Дмитрий Дейч НОС

Евреев хоронят не в гробу, а в тряпице: пакуют, перевязывают крест-накрест, как бандероль, и — отправляют по назначению.

Еврейский труп не похож на человека.

Его не реставрируют. Никакой косметики.

Никаких иллюзий: в лоб не целуют, по имени не называют, ясно ведь: здесь одна скорлупа (клиппа). Кожура. Самого человека — давным-давно след простыл, где он теперь — неизвестно, да и не нашего ума это дело.

Что до скорлупы: ее не жаль и в землю.

На похоронах ко мне подошел старичок — маленький, сухонький, чуть сгорбленный. Улыбчивый. Сперва я принял эту улыбку на свой счет, но скоро выяснилось, что это — просто гримаса, которая приросла к лицу, хорошо прижилась и стала частью натуры. Такое случается: улыбка-призрак. Живет человек, улыбаясь в пустоту, даже не зная, что улыбается. Может, и знал когда-то, но давным-давно позабыл.

— Григорий Исаевич, — сказал старичок.

— Григорий Исаевич умер, — ответил я, взглядом указав на похоронную тележку.

Он постоял, глядя на спеленутое, завязанное узлом тело моего дедушки, улыбаясь и кивая покойному — ласково и печально, затем снова повернулся ко мне:

— Григорий Исаевич был исключительным человеком!

— Я знаю, — сухо ответил я.

— Вы ничего не знаете, — сообщил улыбчивый старичок, — вы слишком молоды, чтобы знать. Возможно, вы — подозреваете. Возможно, у вас имеются кое-какие догадки. Но кому они интересны — ваши догадки?

Я посмотрел налево. Потом направо. Никто не обращал на нас ни малейшего внимания. Все делали вид, что слушают раввина. Раввин пел.

Старичок смотрел на меня, продолжая улыбаться. Теперь его улыбка напоминала оскал хищной рыбины, приготовившейся к атаке.

— Вы думаете, знание это — где-то здесь… — неожиданно он наклонился вперед и довольно крепко стукнул маленьким кулачком меня прямо в лоб. Я слегка растерялся, попытался отмахнуться, но не тут-то было — он ловко увернулся и снова постучал (было чертовски больно!) — по затылку.

— Сокрушительная пустота! — заявил он с торжествующим видом. — Звон — и ничего больше! Ваш дедушка знал об этом. А вы — понятия не имеете.

Сказать, что я опешил, — не сказать ничего… Подобное состояние я испытал однажды по малолетству, застав в учительской преподавателя математики — пожилого сухопарого очкарика, которого все мы немного побаивались, с молоденькой, только что из университета, преподавательницей истории. Они держались за руки и плакали.
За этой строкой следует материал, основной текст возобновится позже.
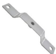
22077 Soporte de rotor barra M.Benz 115 ED
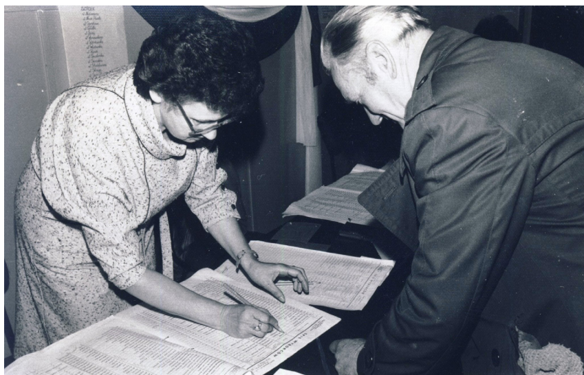
Fot. 10. Pobieranie kart do głosowania w Obwodowej Komisji Wyborczej w Szadku (wybory do Sejmu IX kadencji, 13 października 1985)
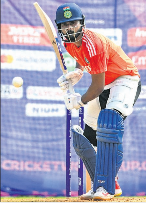
ଶ୍ରେୟସ ଆୟରଙ୍କ ବ୍ୟାଟିଂ ଅଭ୍ୟାସ।

ପୁଣା, ୩୧।୧୦ (ପି.ଟି.) ମଙ୍ଗଳବାର ଭାରତର ୪ ନମ୍ବର ବ୍ୟାଟର ଶ୍ରେୟସ୍ ଆୟର ଶର୍ତ୍ତ ବଲ୍ ଖେଳିବାର ଅଭ୍ୟାସ କରିଥିଲେ। ଶର୍ତ୍ତ ବଲ୍ ଖେଳିବାର ଆୟରକୁ ଅଧିକାର ସମ୍ପୂର୍ଣ୍ଣ ହେବାକୁ ପଡୁଛି। ବିପକ୍ଷ ଦଳ ସର୍ବଦା ଏହାର ଫାଇଦା ଉଠାଇଛନ୍ତି। ଆସନ୍ତା ଭୁବନେଶ୍ୱର ମୁହାଁଇରେ ଓଫିସ୍ରେ ଷ୍ଟାଡ଼ିୟମରେ ଭାରତ ଏହାର ପରବର୍ତ୍ତୀ ମ୍ୟାଚ୍ ଶ୍ରୀଲଙ୍କା ବିପକ୍ଷରେ ଖେଳିବ। ଏହି ମ୍ୟାଚ୍ ପୂର୍ବରୁ ଆୟରକୁ ଶର୍ତ୍ତ ବଲ୍ ବିପକ୍ଷରେ ଅଭ୍ୟାସ କରୁଥିବାର ବେଶ୍ ବାବୁ ମିଳିଥିଲା। ମଙ୍ଗଳବାରର ଏହି ଅଭ୍ୟାସ ସେସନ୍ ଇଭାଧାନ ରହିଥିବା ବେଳେ ବିରାଟ କୋହଲି, ଶୁବମାନ ରିଲ୍ ଓ ରୋହିତ ଶର୍ମାଙ୍କ ପରି ଖେଳାଳି ଏହାକୁ ସିୟ କରିଥିଲେ। ଡେବେ ଆୟର ଏହି ସେସନ୍ରେ ଅଂଶଗ୍ରହଣ କରିବା ସହିତ ଶର୍ତ୍ତ ବଲ୍ ବିପକ୍ଷରେ ଦୀର୍ଘ ସମୟ ଧରି ଅଭ୍ୟାସ କରିଥିଲେ। ଭାରତ ଏହାର ଅଭିମୁଖ୍ୟ ମ୍ୟାଚ୍ରେ ଇଂଲଣ୍ଡକୁ ୧୦୦ ରନରେ ପରାସ୍ତ କରିଥିବା ବେଳେ ଏହି ମ୍ୟାଚ୍ରେ ମଧ୍ୟ ଆୟର ବିରାଟର ଛଙ୍ଗରେ ଆଉଟ ହୋଇଥିଲେ। ଭାରତର ପ୍ରୋ ଡାଉନ୍ ସେସିଆଲିଷ୍ଟି ମାନେ ଆୟରକୁ ପ୍ରାୟ ୨ ଘଣ୍ଟା ଧରି ବୋଲିଂ କରିଥିଲେ। ଏହା ସହିତ କିଛି ସ୍ଥାନୀୟ ବୋଲର ମଧ୍ୟ ସାମିଲ ହୋଇ ବୋଲିଂ
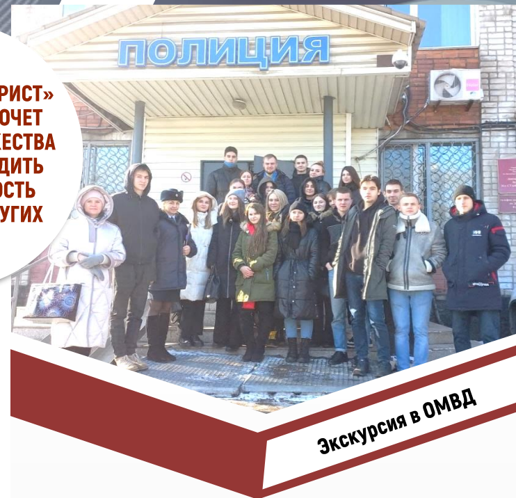
Экскурсия в ОМВД

ПРОФЕССИЯ «ЮРИСТ» ДЛЯ ТЕХ, КТО ХОЧЕТ ДОБИТЬСЯ ТОРЖЕСТВА ЗАКОНА, УТВЕРДИТЬ СПРАВЕДЛИВОСТЬ ДЛЯ СЕБЯ И ДРУГИХ
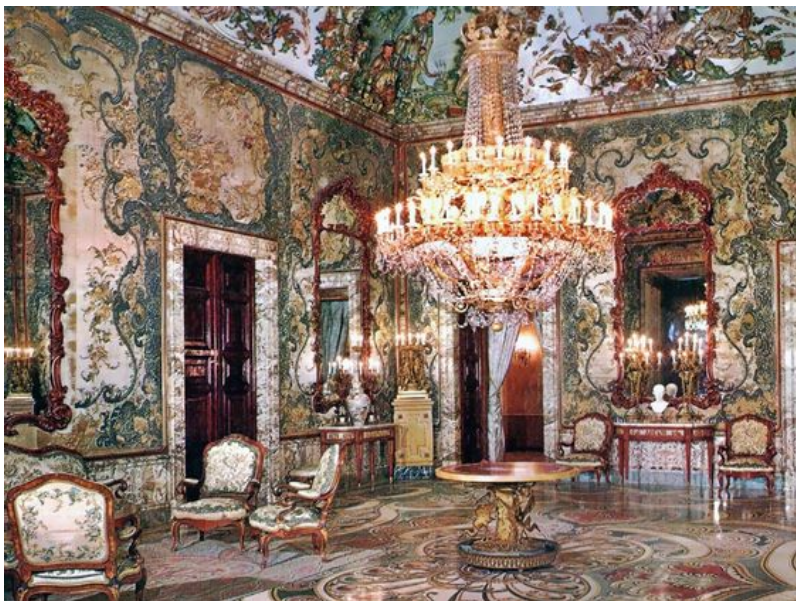
Salón Gasparini, Palacio Real

En Andalucía la arquitectura barroca religiosa evoluciona recargándose cada vez más, esta deriva en el estilo Rococó. Puede que uno de los nombres más relevantes del momento es el del cordobés Francisco Hurtado Izquierdo . Obras como el Sagrario de la Cartuja de Granada lo acreditan.
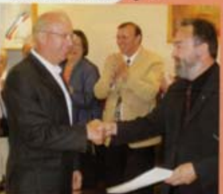
Médaille du travail
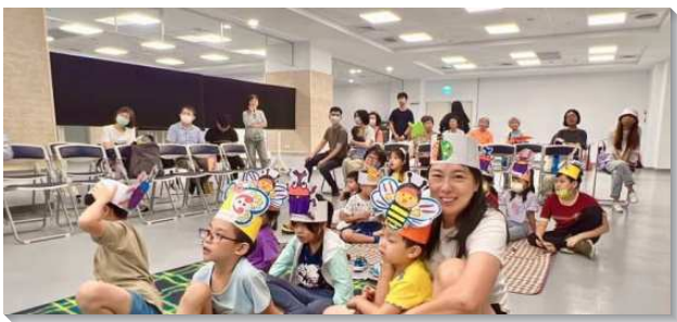
▲聖徒們喜樂參加親子品格園

親子品格園共分三個梯次，每一個梯次約有二十二位兒童參加，家長和服事者約三十位。此次親子品格
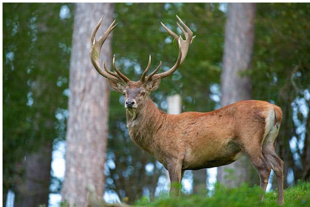
Cerf Auteur : Luc Viatour
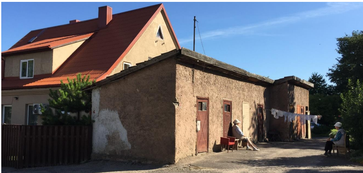
1 pav. Sandėliavimo paskirties pastato šalia Bangų g. 13, Klaipėdoje fotofiksacija
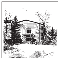
Evangelisches Gemeindehaus Vogelsangplatz
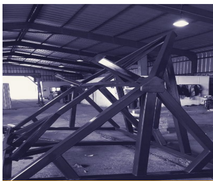
TRANSPORTE DE CORONA
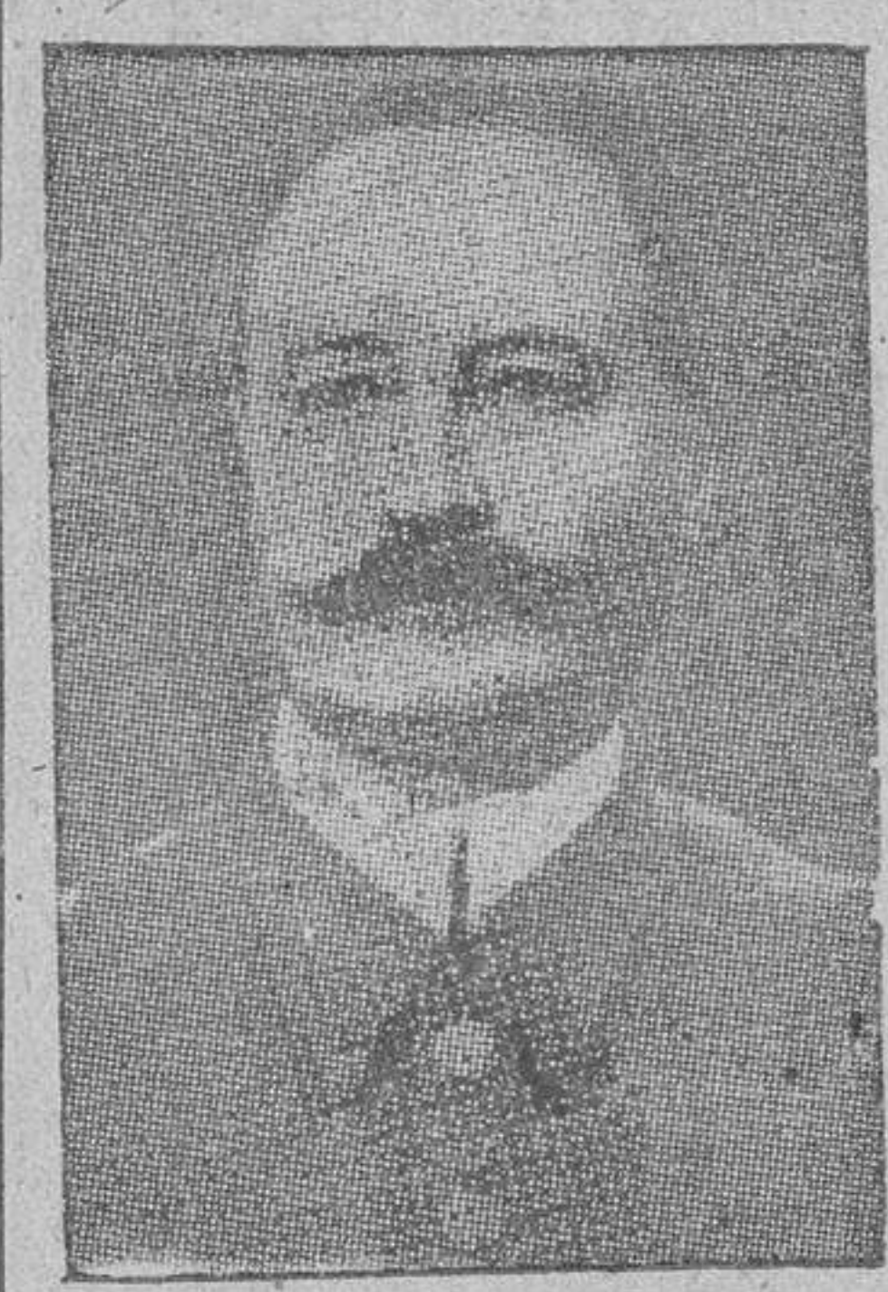
Argel.—Cuartel general aliado del norte de Africa: "El Consejo imperial francés ha designado, por unanimidad, al general Giraud para ejercer las funciones de alto comisario del norte de Africa francesa y de comandante

Asumirá también las funciones de Comandante en jefe de los ejércitos de tierra, mar y aire De Gaulle, en un discurso radiado, califica a Giraud de prestigioso militar
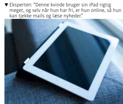
▼ Eksperten: “Denne kvinde bruger sin iPad rigtig meget, og selv når hun har fri, er hun online, så hun kan tjekke mails og læse nyheder.”
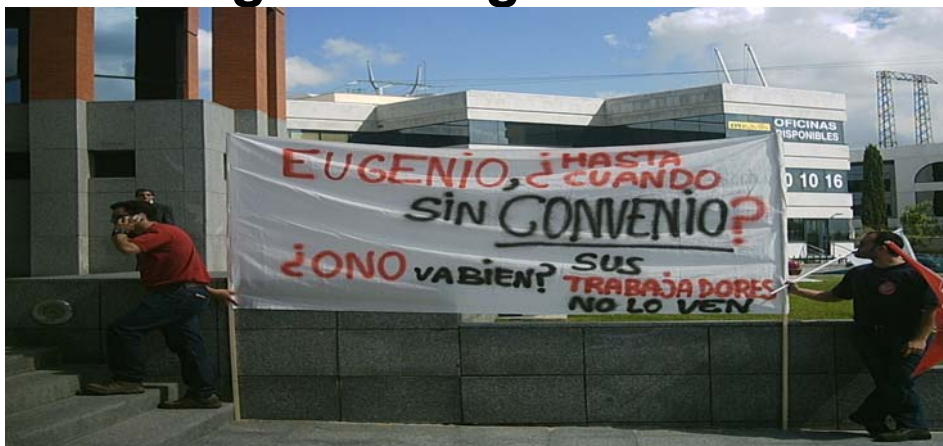
Pitada que precedió a la firma del convenio el pasado mes de mayo.

Tras la complicada negociación para la firma del II Convenio Colectivo del Cable, que significó un avance en las reivindicaciones de los trabajadores de ONO y los acuerdos del pasado 8 de Julio en materia de subida salarial, jornada intensiva, tickets de comida y aumento de la compensación por disponibilidad, UGT realizó una nueva propuesta de negociación que incluía aspectos como:
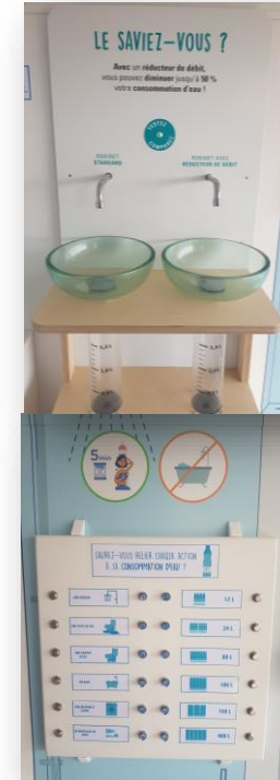
maquettes consommations d'eau
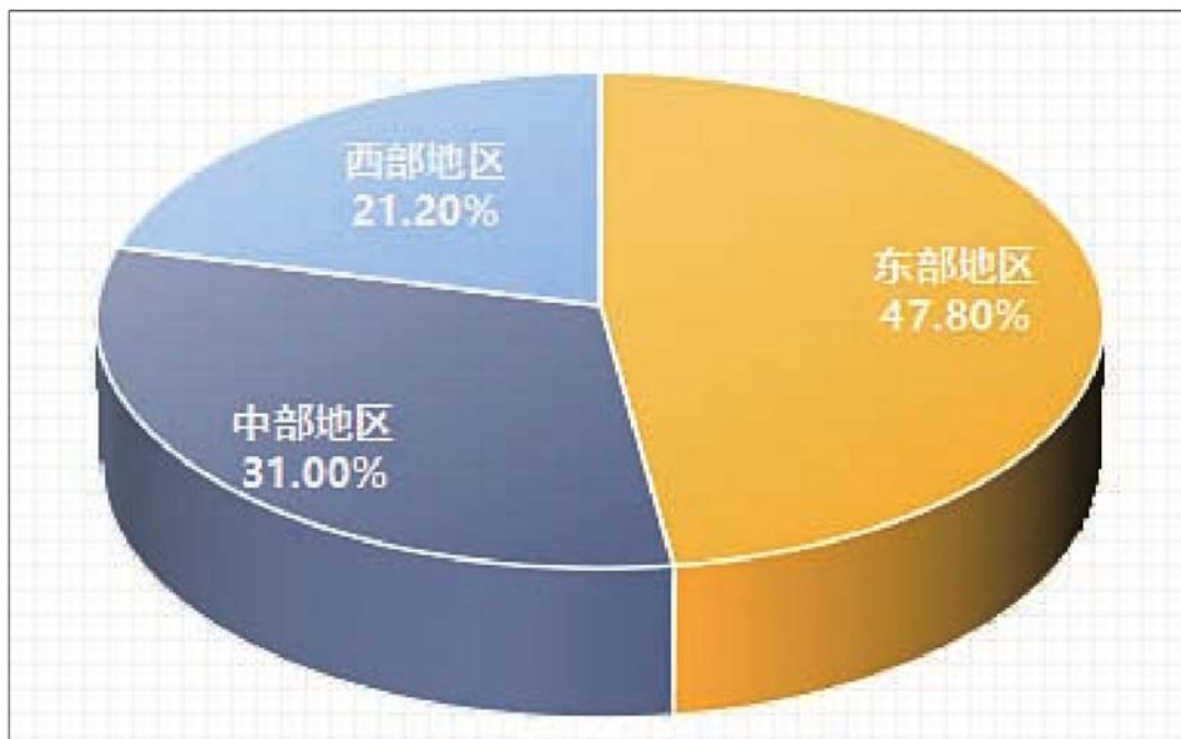
图1 500强合作社地区分布

从是否入选各级农民专业合作社示范社（简称“示范社”）情况看，500强合作社以国家级与省级示范社为主。500强合作社中有256家国家级示范社，占500强合作社的51.20%。国家级示范社中，东部地区共96家，占比为37.50%；中部地区共93家，占比为36.30%；西部地区共67家，占比为26.20%。从成立年限看，500强合作社平均成立年限为11年。
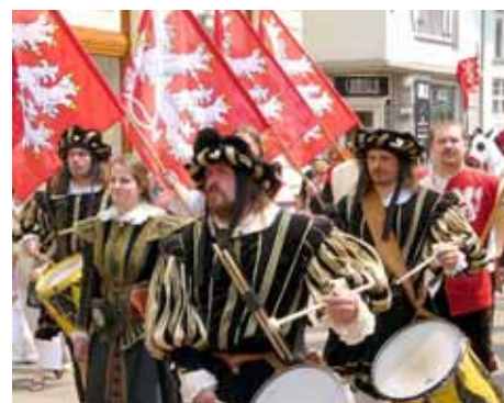
Bubeníci, zbrojnoši a další postavy královny družiny budou i letos v průvodu
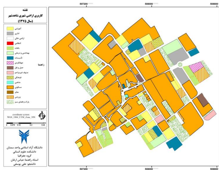
شکل شماره (۱) نقشه کاربری اراضی شاهد شهر در سال ۱۳۷۵
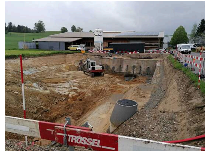
Aushub- und Sicherungsarbeiten 09.05.2023
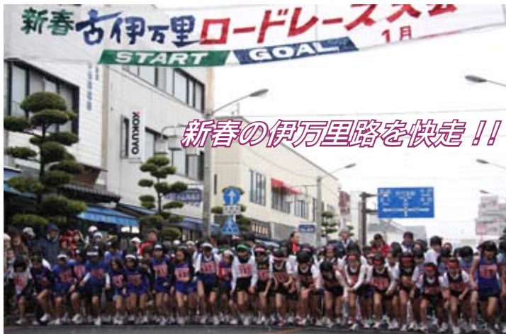
新春の伊万里路を快定!!
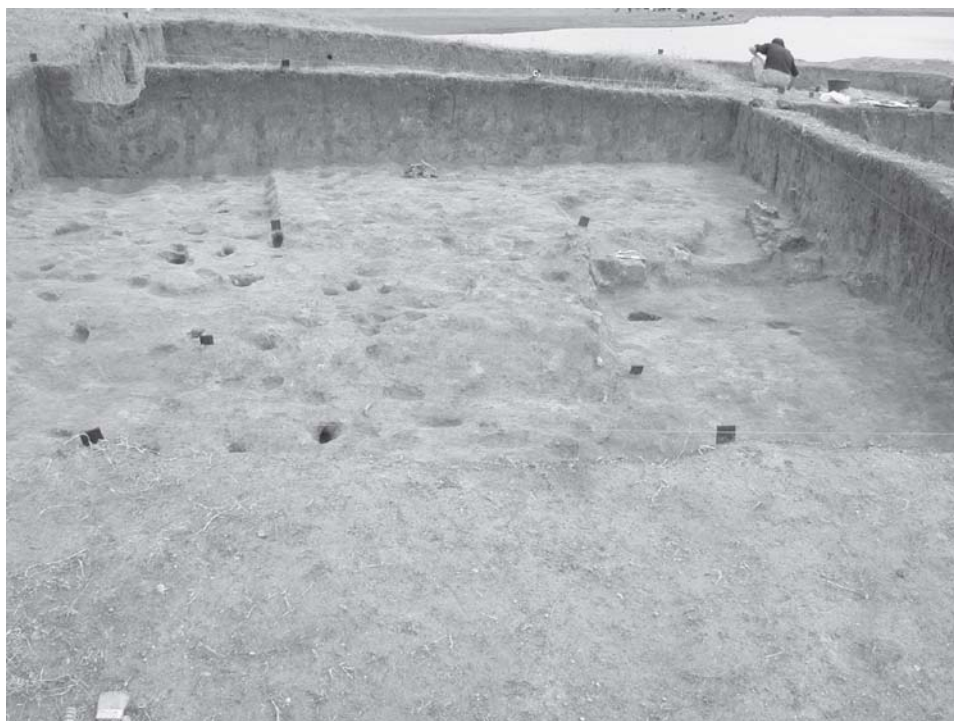
Plansa 2. L1/2001 – aspecte de sapatură.
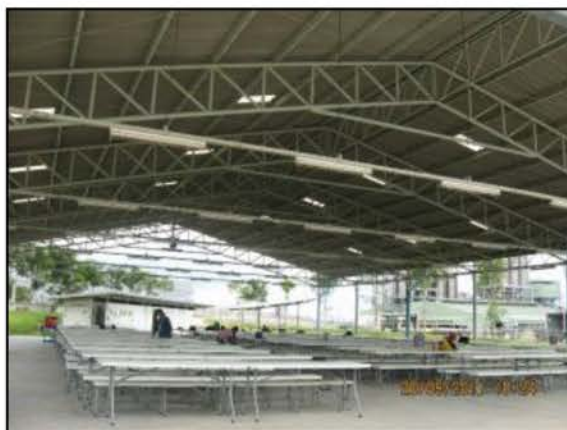
ภาพที่ 2.2-23 อาคารที่พักผู้รับเหมาสำหรับช่วงหยุดซ่อมบำรุง
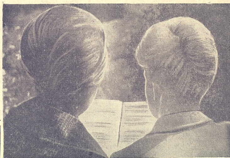
Не до соловья.

Библиографический указатель литературы по механизации учета и вычислительных работ (1954—1963 гг.) М., 1965, 271 стр. В нем собрана основная литература по механизации учета и вычислительных работ, изданная в СССР за последние 10 лет. Здесь нашли отражение книги, брошюры и статьи, написанные
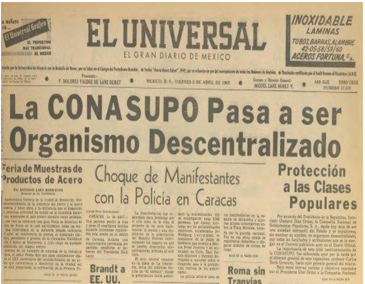
Imagen 1: Aída Castro Sánchez, “La Conasupo era la tienda del pueblo”, El Universal. 24 de julio de 2020. Archivo y Hemeroteca de El Universal

Con esta medida se pretendía que se les otorgara una protección a los ingresos de las personas ya que trataba que los precios en los productos básicos fueran más razonables, así también se buscaba un beneficio para los campesinos que se dedicaban al cultivo, pues se pretendía que los productos se pagaran a un precio justo: “En julio de 1961 la Compañía Nacional de Subsistencias Populares (CONASUPO) puso en operación 6 tiendas móviles
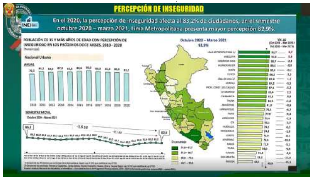
Gráfico N° 06: Percepción de inseguridad ciudadana en el Perú (Semestre octubre 2020- marzo 2021)
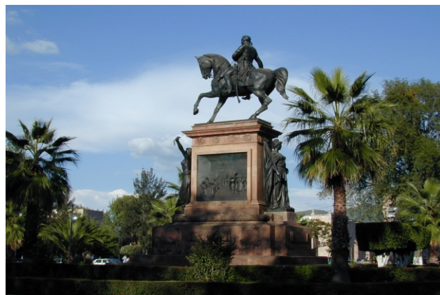
Monumento del Generalísimo José Ma. Morclos

Para llevar a cabo estas aspiraciones debemos tomar la decisión de vivir de acuerdo con un sentido de responsabilidad universal,
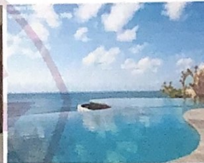
Gambar 6 Infinity Pool
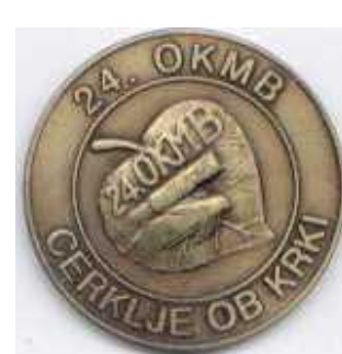
24. OKMB - Cerklje
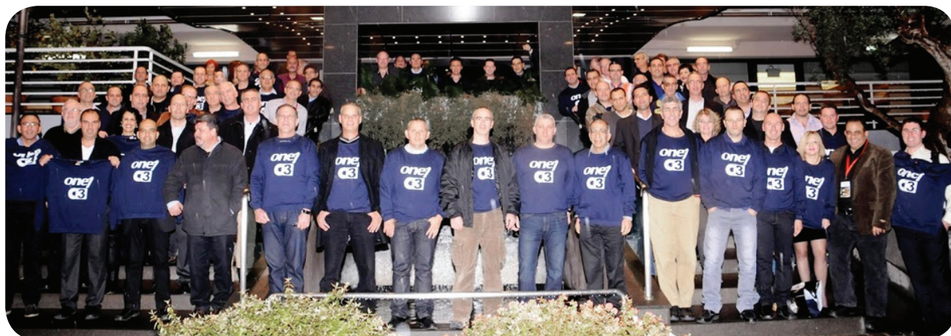
חברי פורום C3 מתייצבים לצילום הקבוצתי המסורתי, לבושי חולצות עליהן מתנוסס הלוגו של One1 - אחת מספקיות ה-IT שפרסו חסותן על האירוע ברומא
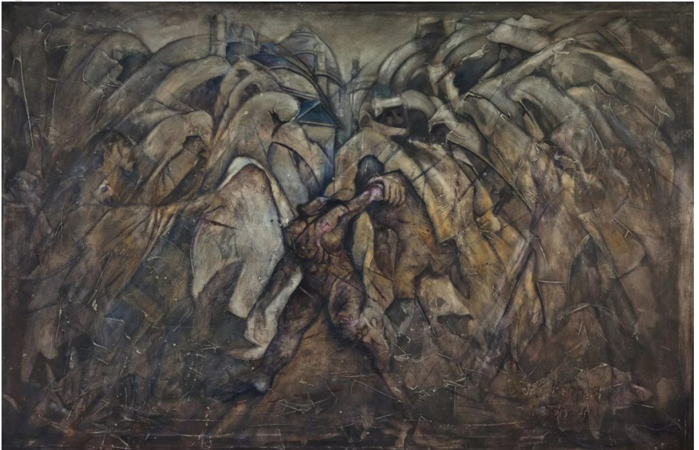
《法尔洪达》，拉蒂夫·埃什拉克（阿富汗）作于2017年

结论： 目前全球人口为80亿。因此，目前的粮食产量不仅足以养活全世界所有人口，还能额外供养30亿人。
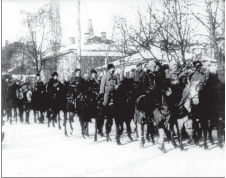
Вступ до Києва 1-ї Української повстанської дивізії. Лютий 1919 р. Од. обл. 1680.

Если бы они целовались или занимались любовью, это смутило бы меня меньше. Помню, я выскочил как ошпаренный, а на следующий день избегал смотреть им в глаза.

Вот и теперь — уж не знаю почему — мне было трудно смотреть в глаза человеку, которого, по логике вещей, я преспокойно мог удалить с поля. Послать подальше. На крайний случай — извиниться, сослаться на обстоятельства…

— Мне больно!

— Вот и хорошо, что больно, — кивнул старичок. — Очень хорошо! Потому что пока вам не станет по-настоящему больно, вы и с места не сдвинетесь. Я с удовольствием сделаю вам больно… (На всякий случай я отодвинулся.) Очень больно… и еще больнее…

Тут он принялся цитировать «Песнь о буревестнике»: пусть сильнее грянет буря, глупый пингвин, черной молнии подобный, и тому подобное. Я по инерции продолжал слушать, вытаращив глаза и совершенно потеряв всякое представление о том, где нахожусь и что, черт возьми, происходит, но тут, по счастью, меня отвлекли: нам с отцом предстояло уложить покойника на носилки и отнести его к месту захоронения.

Когда сверток опускали в могилу, я впервые почувствовал — животом — насколько, до какой степени пластика мертвого тела отличается от живого. Только увидав это воочию, понимаешь, почему люди боятся смерти. Не самой смерти даже, а — малого, почти неуловимого изменения, которое смерть производит с человеческим телом.

Покойник выглядит почти как человек.

И в этом почти присутствует полная мера нашего страха: здесь все, чего мы боимся, хоть на первый взгляд может показаться, что боимся мы разных, порой совершенно не схожих между собою вещей.

На поминки остались только близкие родственники и друзья. К своему удивлению, я столкнулся нос к носу с давешним старичком: без лишних церемоний он уселся по правую руку и принялся ухаживать за мной: то салатик положит, то водочки нальет.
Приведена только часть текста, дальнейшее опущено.